Rivian's stock fell by more than 10% during premarket trading on Tuesday following the announcement of a public offering of 75 million shares of its Class A common stock [1]. The company expects to raise approximately $1.51 billion from the offering, based on Monday's closing price of $20.14 per share [1]. Rivian stated in a public filing that the proceeds will be used to fund equity contributions as part of a loan agreement with the U.S. Department of Energy [1]. Additionally, the company intends to grant underwriters a 30-day option to purchase up to an additional 11.25 million shares [1].
This capital raise comes after Rivian shares had increased 8.1% on Monday and 19% over the previous week [1]. The company recently suspended its 2027 profitability target due to anticipated increases in research and development spending, particularly for autonomy and next-generation vehicle technologies [1]. Rivian is also in the process of launching its new R2 midsize SUV, which it hopes will drive profitability toward the end of the decade [1].

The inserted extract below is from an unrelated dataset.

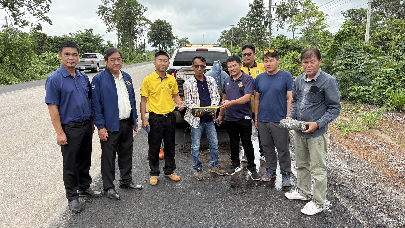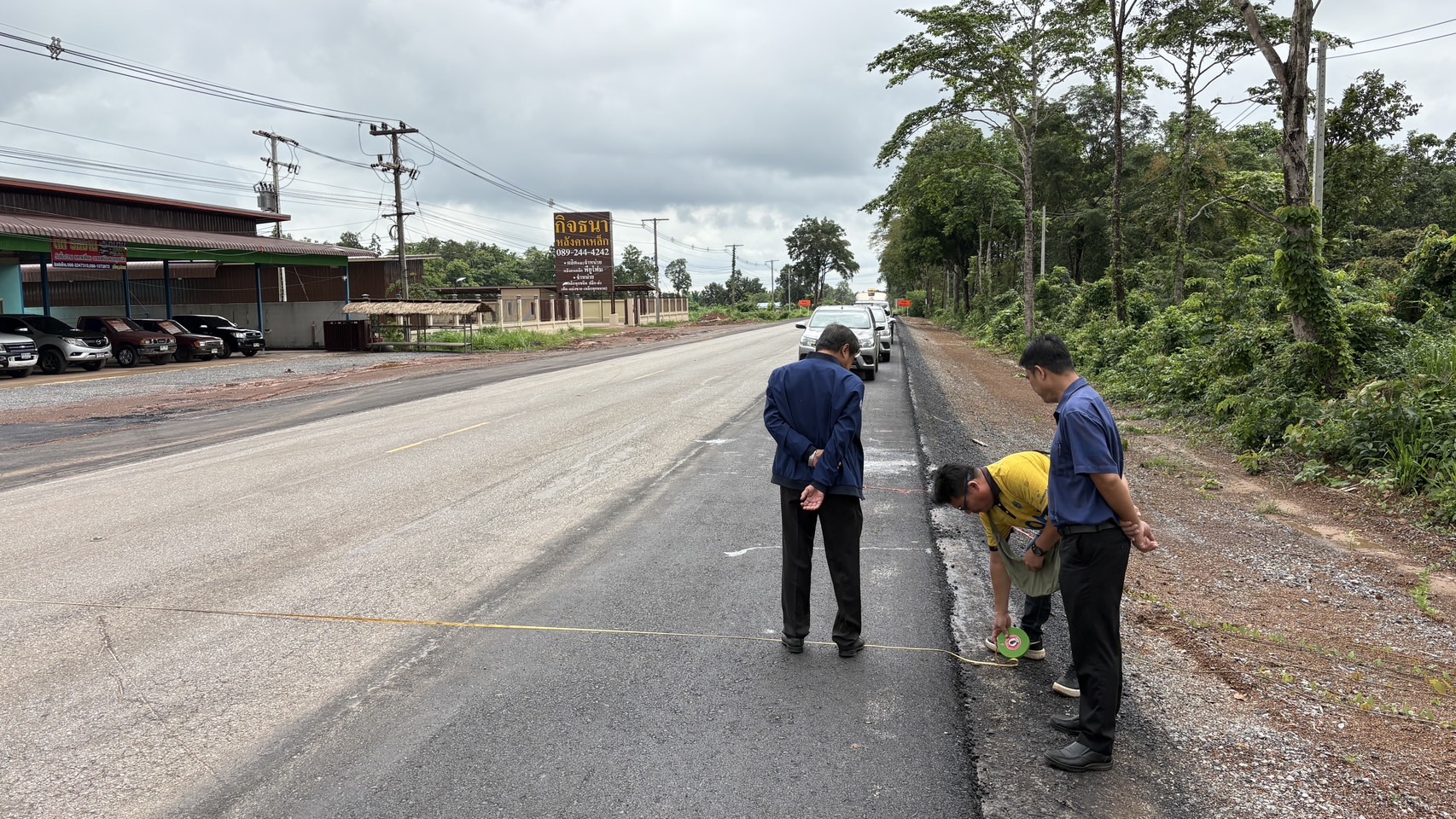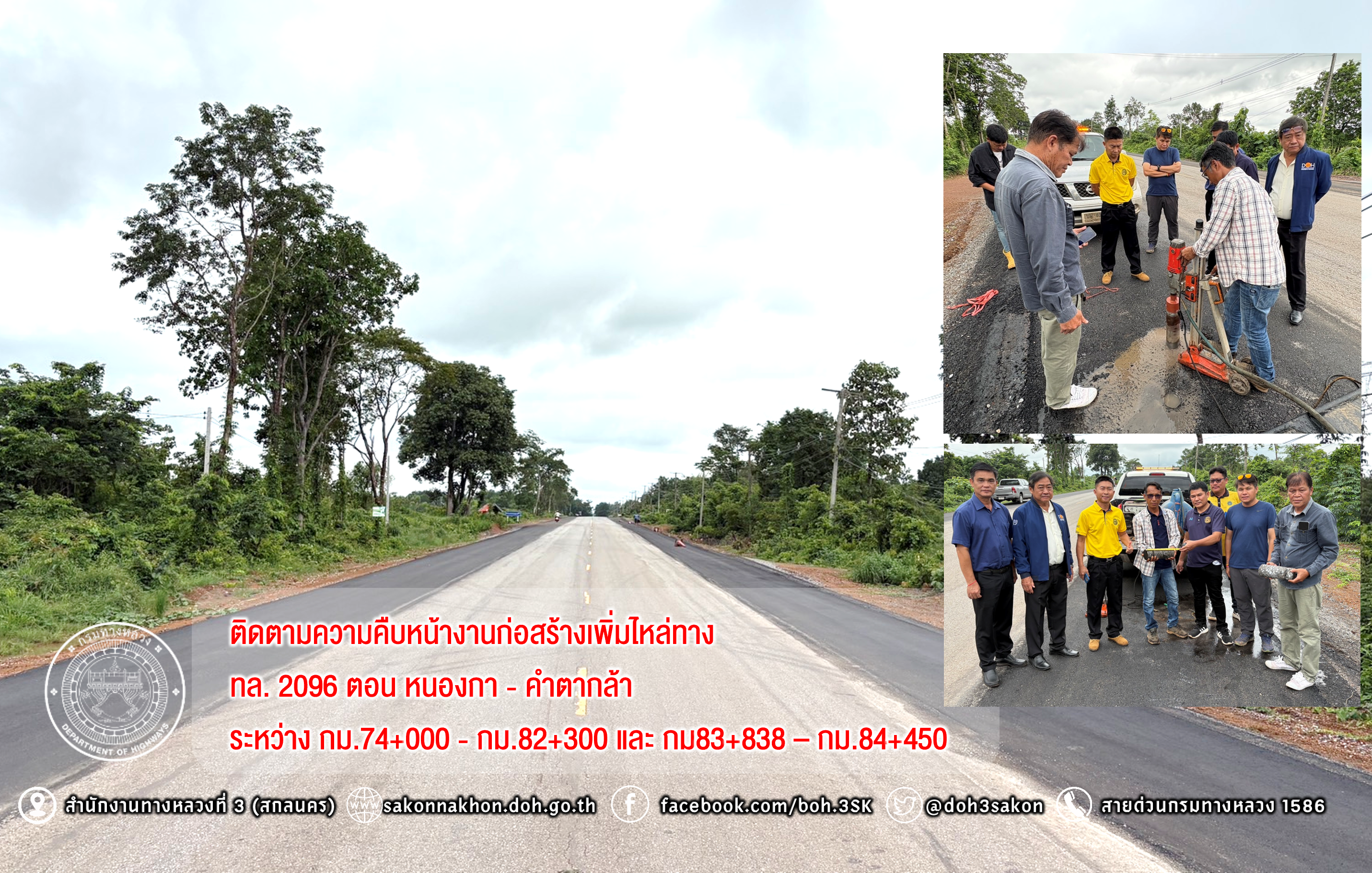 วันที่ 23 มิถุนายน 2568 เวลา10.00น.นายชัยธวัช พรหมวิชัย ผู้อำนวยการสำนักงานทางหลวงที่ 3 ประธานคณะกรรมการตรวจรับพัสดุ พร้อมด้วย คณะกรรมการตรวจรับพัสดุ ลงพื้นที่ติดตามความคืบหน้างานก่อสร้างเพิ่มไหล่ทาง ทางหลวงหมายเลข 2096 ตอน หนองกา - คำตากล้า ระหว่าง กม.74+000 - กม.82+300 และ กม83+838 – กม.84+450 ปริมาณ 2 แห่ง (9.367 กม.) วงเงิน 78,692,000 บาท มีห้างหุ้นส่วนจำกัด เมืองทองคำตากล้า เป็นผู้รับจ้าง (ตรวจรับงานงวดที่ 2) เพื่อให้ได้ตามแบบมาตรฐานของกรมทางหลวง พร้อมให้คำแนะนำแก้ไขปัญหาและอุปสรรคในการก่อสร้างฯ ควบคุมการก่อสร้างโดยนายณัฐชาติ นันทะมาตย์ วิศวกรโยธาปฏิบัติการ ผู้ควบคุมงานก่อสร้าง ส่วนควบคุมงานก่อสร้างทาง สำนักงานทางหลวงที่ 3 (สกลนคร)

In a separate public filing, Rivian pre-released some second-quarter results, estimating revenue between $1.55 billion and $1.65 billion, which is above the average analyst estimate of $1.45 billion compiled by LSEG [1]. The company's cash, cash equivalents, and short-term investments were estimated at $5.3 billion, up from $4.8 billion at the end of the first quarter [1].
CONCLUSION
Rivian's decision to raise $1.51 billion through a public share offering led to a significant drop in its stock price, despite the company projecting second-quarter revenue above analyst expectations. The capital raise and increased R&D spending signal Rivian's commitment to long-term growth, though near-term profitability targets have been delayed.